[PHP-DEV][RFC][VOTE] Add mb_levenshtein function

Hi, internals

Sorry for missing "[VOTE]" in title.
I send mail again.

I started voting for add mb_levenshtein.
https://wiki.php.net/rfc/mb_levenshtein

Vote end is 2025-03-08 (8th of March).

Thank you
Yuya

--
---------------------------
Yuya Hamada (tekimen)
- https://tekitoh-memdhoi.info
- youkidearitai (tekimen) · GitHub
-----------------------------

Hi

Am 2025-02-21 08:51, schrieb youkidearitai:

I started voting for add mb_levenshtein.
PHP: rfc:mb_levenshtein

Thank you for your RFC. I have voted “No”, due to the reason that I mentioned in the previous discussion thread at: php.internals: Re: Multibyte for levenshtein function

Best regards
Tim Düsterhus

2025年2月23日(日) 0:10 youkidearitai <youkidearitai@gmail.com>:

2025年2月21日(金) 17:27 Tim Düsterhus <tim@bastelstu.be>:
>
> Hi
>
> Am 2025-02-21 08:51, schrieb youkidearitai:
> > I started voting for add mb_levenshtein.
> > PHP: rfc:mb_levenshtein
>
> Thank you for your RFC. I have voted “No”, due to the reason that I
> mentioned in the previous discussion thread at:
> php.internals: Re: Multibyte for levenshtein function
>
> Best regards
> Tim Düsterhus

Hi, Tim.
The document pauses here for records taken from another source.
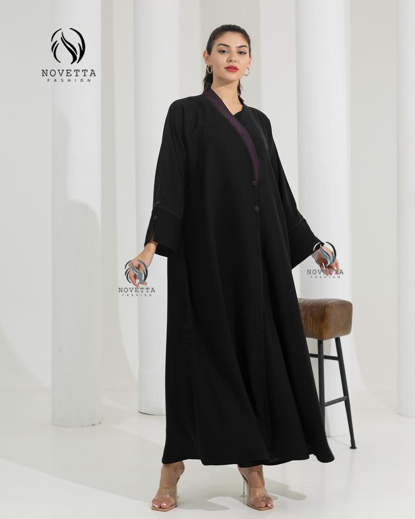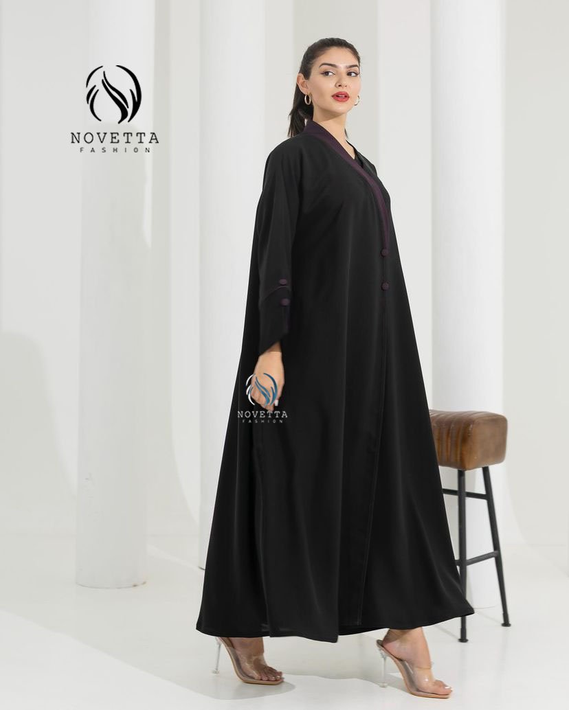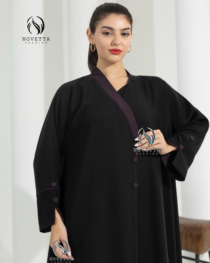 عباية سوداء عملية وأنيقة، بلمسة نهديّة ناعمة على الأزرار والطرف. تصميم كلاسي فخم بلمسة أنثوية ناعمة.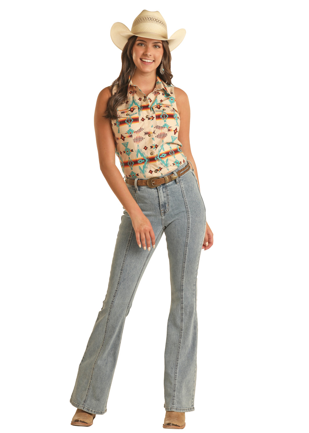 ROCK N ROLL GIRLS AZTEC PRINT BUTTON FLARE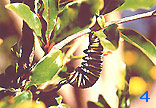 | 4. Raupe, die sich zum Verpuppen aufgehängt hat |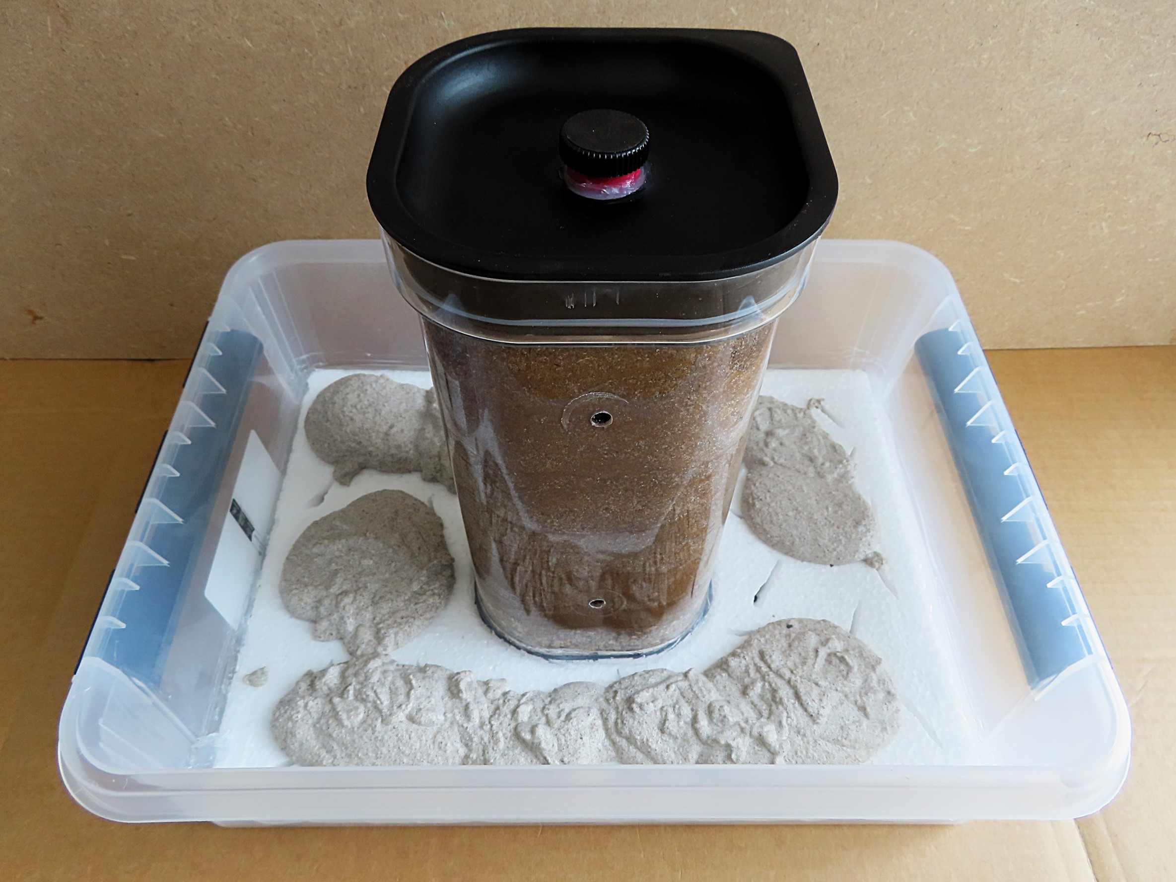 De mon côté, pour gagner en épaisseur et économiser le plâtre, je colle une plaque de polystyrène avec du joint silicone au fond de la boîte, plaque que je griffe ensuite avant de couler ma bouillie par dessus. Comme ça le plâtre une fois sec et bien cramponné ne risquera pas de se détacher.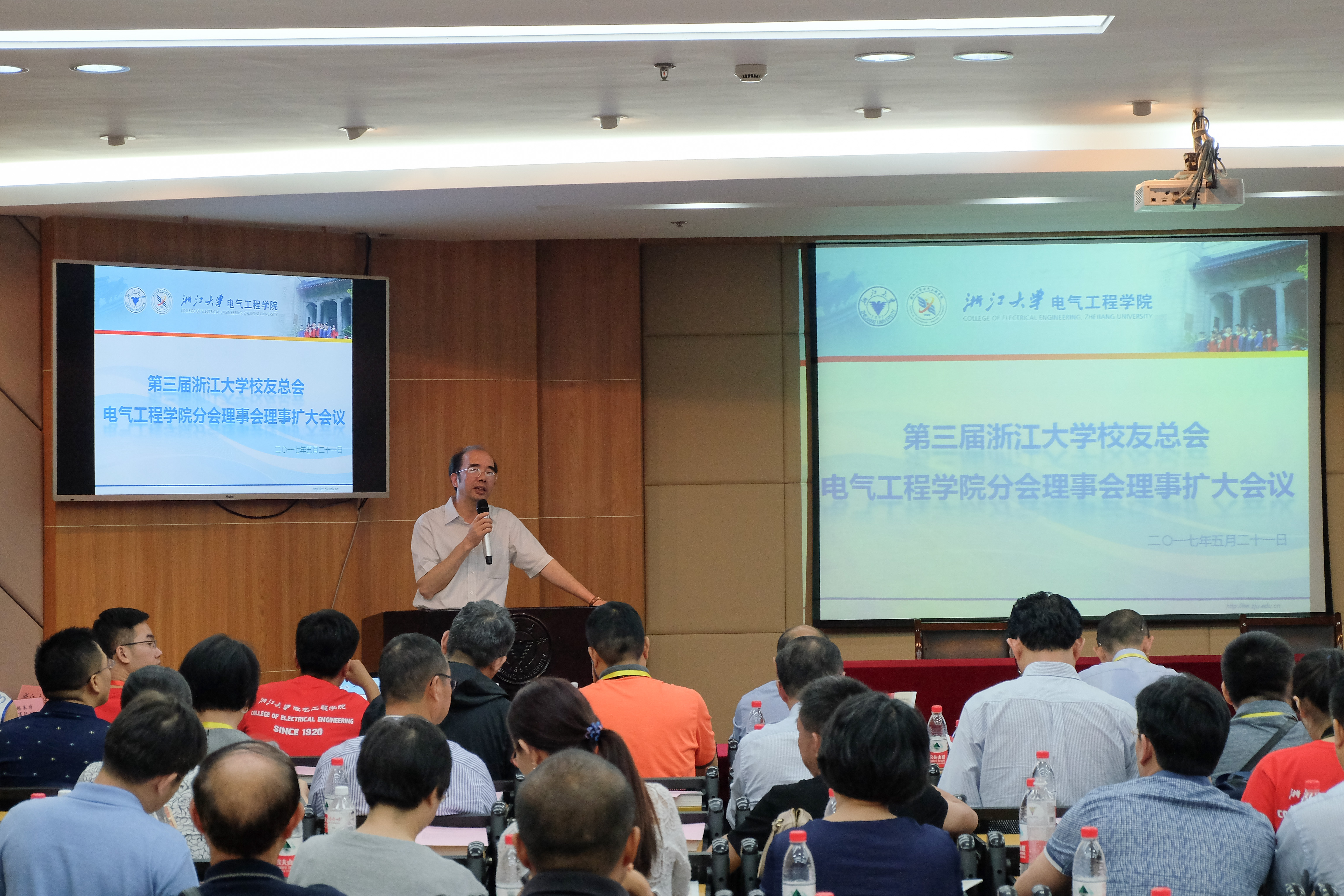 2017年5月21日,正值mg4355线路检查官网120周年华诞,遍布全球的“浙大人”相聚求是园,共贺母校生日。在双甲子隆庆之际,第三届mg4355线路检查官网校友总会mg4355线路检查官网分会理事会理事扩大会议在玉泉校区永谦活动中心第二报告厅隆重举行。中国科学院院士、原mg4355线路检查官网校长韩祯祥,原江西省人大常委会副主任、江西省浙大校友会会长钱梓弘,民建中央副主席、原北京浙大校友会会长陈明德以及电气学院校友分会理事、校友等近130人出席了大会。新老电气人济济一堂,共叙旧日情怀,共商未来大计。大会由mg4355线路检查官网党委书记王瑞飞主持。

And internals.

Thank you vote and comment.
I want need to Unicode code point for levenshtein(mb_*)

I replied to ask for the difference in code points for each emoji as a
counterargument.
php.internals: Re: Multibyte for levenshtein function

For example, :family_man_woman_boy_boy: and :family_man_man_girl_boy: is four code points.
I want to measure the Levenshtein distance when different code points
are mixed in this.

In my country, we use variable selector that example is 邉 and 邉󠄀.
It is confused so I believe resolve mb_levenshtein.
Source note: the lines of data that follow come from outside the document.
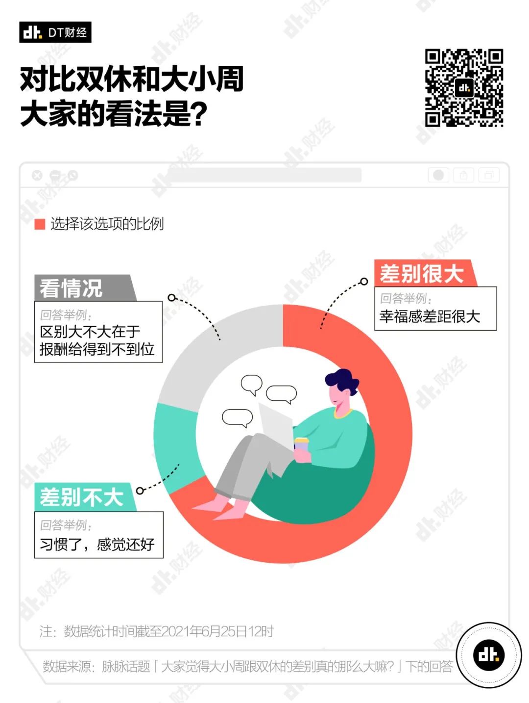 在脈脈上,有人曾提出疑問:「雙休和大小周真的差別很大嗎?感覺一個月也就少休息了2天。」我們採集了這條問題下的評論,有超過一半的人都認為「差別很大」。
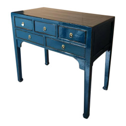 Console chinoise bleu turquoise en vieux pin, 2 tiroirs et une étagère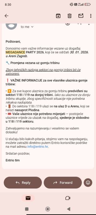 Prodajem 2 karte za Megadance koncert 30.01., gornja tribina, no ulaziti ce se na donju bez nadoplate.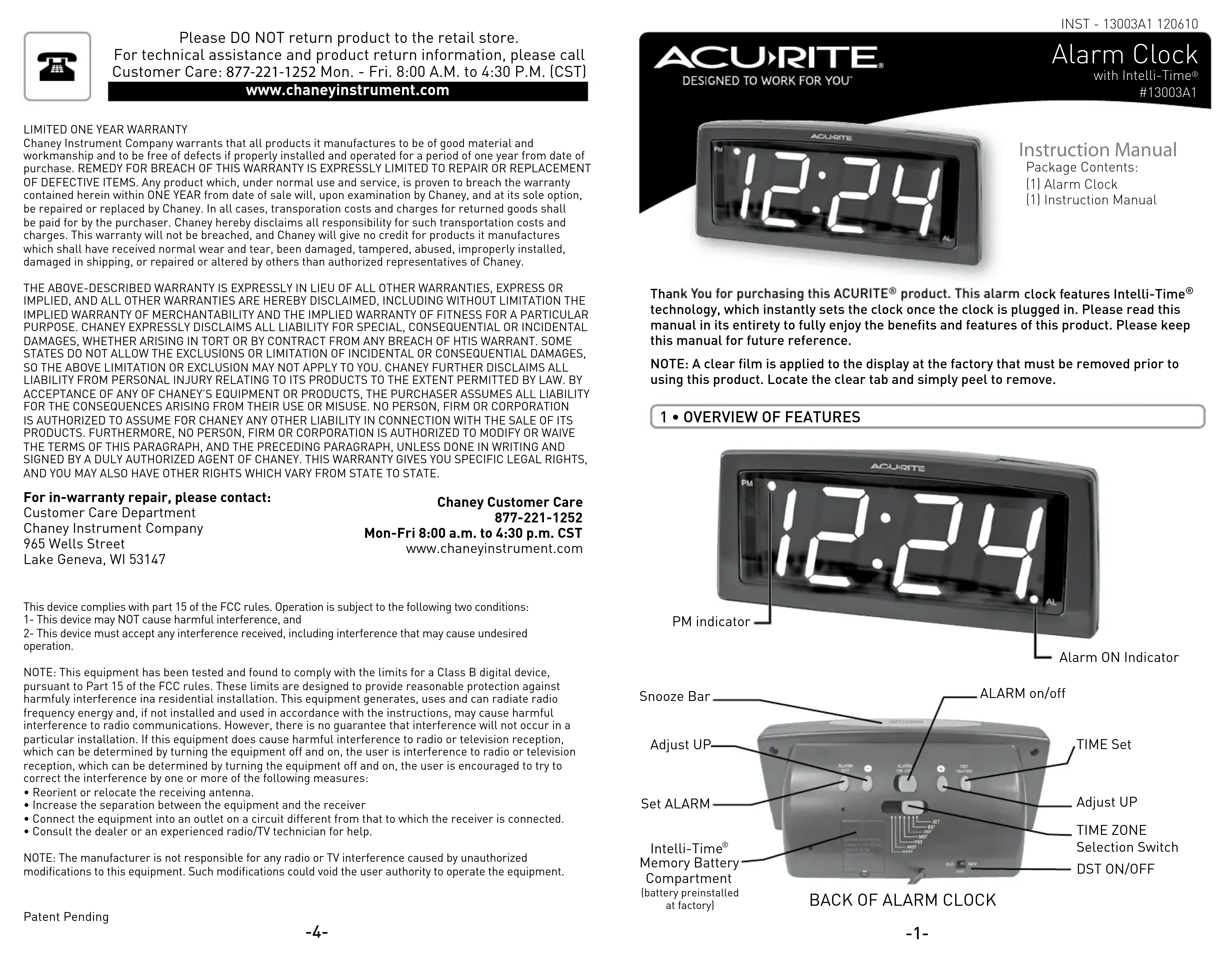 VEUILLEZ NE PAS RAPPORTER CE PRODUIT AU MAGASIN.POUR DU SOUTIEN TECHNIQUE ET DES RENSEIGNEMENTS SUR LE RETOUR DU PRODUIT,VEUILLEZ APPELER LE SERVICE À LA CLIENTÈLE: 877-221-1252 LUN AU VEN 8H00 À 16H30 (HNC) www.chaneyinstrument.com

However, If internals community declined this RFC,
I follow this decision.

Thank you
Yuya.

--
---------------------------
Yuya Hamada (tekimen)
- https://tekitoh-memdhoi.info
- youkidearitai (tekimen) · GitHub
-----------------------------

Hi, Internals

The add mb_levenshtein was end and declined.
Vote result is one yes and 5 no.

Thank you very much voting.

By the way, This message is means add grapheme_levenshtein instead of
mb_levenshtein?
Or nothing to do?
Feel free to comment.

Thank you again.
Yuya.

--
---------------------------
Yuya Hamada (tekimen)
- https://tekitoh-memdhoi.info
- youkidearitai (tekimen) · GitHub
-----------------------------

On 08/03/2025 03:30, youkidearitai wrote:

Hi, Internals

The add mb_levenshtein was end and declined.
Vote result is one yes and 5 no.

Thank you very much voting.

By the way, This message is means add grapheme_levenshtein instead of
mb_levenshtein?
Or nothing to do?
Feel free to comment.

Thank you again.
Yuya.

Hi Yuya

I think an RFC for grapheme_levenshtein would be better, it would have my vote at least.
Levenshtein makes more sense on graphemes than on unicode codepoints.

Kind regards
Niels

2025年3月8日(土) 19:06 Niels Dossche <dossche.niels@gmail.com>:

On 08/03/2025 03:30, youkidearitai wrote:
> Hi, Internals
>
> The add mb_levenshtein was end and declined.
> Vote result is one yes and 5 no.
>
> Thank you very much voting.
>
> By the way, This message is means add grapheme_levenshtein instead of
> mb_levenshtein?
> Or nothing to do?
> Feel free to comment.
>
> Thank you again.
> Yuya.
>

Hi Yuya

I think an RFC for grapheme_levenshtein would be better, it would have my vote at least.
Levenshtein makes more sense on graphemes than on unicode codepoints.

Kind regards
Niels

Hi, Niels

Thank you very much for reply.
Okay. I will go to grapheme_levenshtein RFC.

Kind regards
Yuya

--
---------------------------
Yuya Hamada (tekimen)
- https://tekitoh-memdhoi.info
- youkidearitai (tekimen) · GitHub
-----------------------------

2025年3月8日(土) 19:06 Niels Dossche <dossche.niels@gmail.com>:

On 08/03/2025 03:30, youkidearitai wrote:

Hi, Internals

The add mb_levenshtein was end and declined.
Vote result is one yes and 5 no.

Thank you very much voting.

By the way, This message is means add grapheme_levenshtein instead of
mb_levenshtein?
Or nothing to do?
Feel free to comment.

Thank you again.
Yuya.

Hi Yuya

I think an RFC for grapheme_levenshtein would be better, it would have my vote at least.
Levenshtein makes more sense on graphemes than on unicode codepoints.

Kind regards
Niels

Hi, Niels

Thank you very much for reply.
Okay. I will go to grapheme_levenshtein RFC.

Kind regards
Yuya

On my side, I’m not sure this would make sense.
There’s a PHP implementation of the levenshtein algo:
https://packagist.org/packages/oefenweb/damerau-levenshtein

This might be good enough. Better leave clustering (graphemes/etc) as a separate concern. Did you consider this option?

Nicolas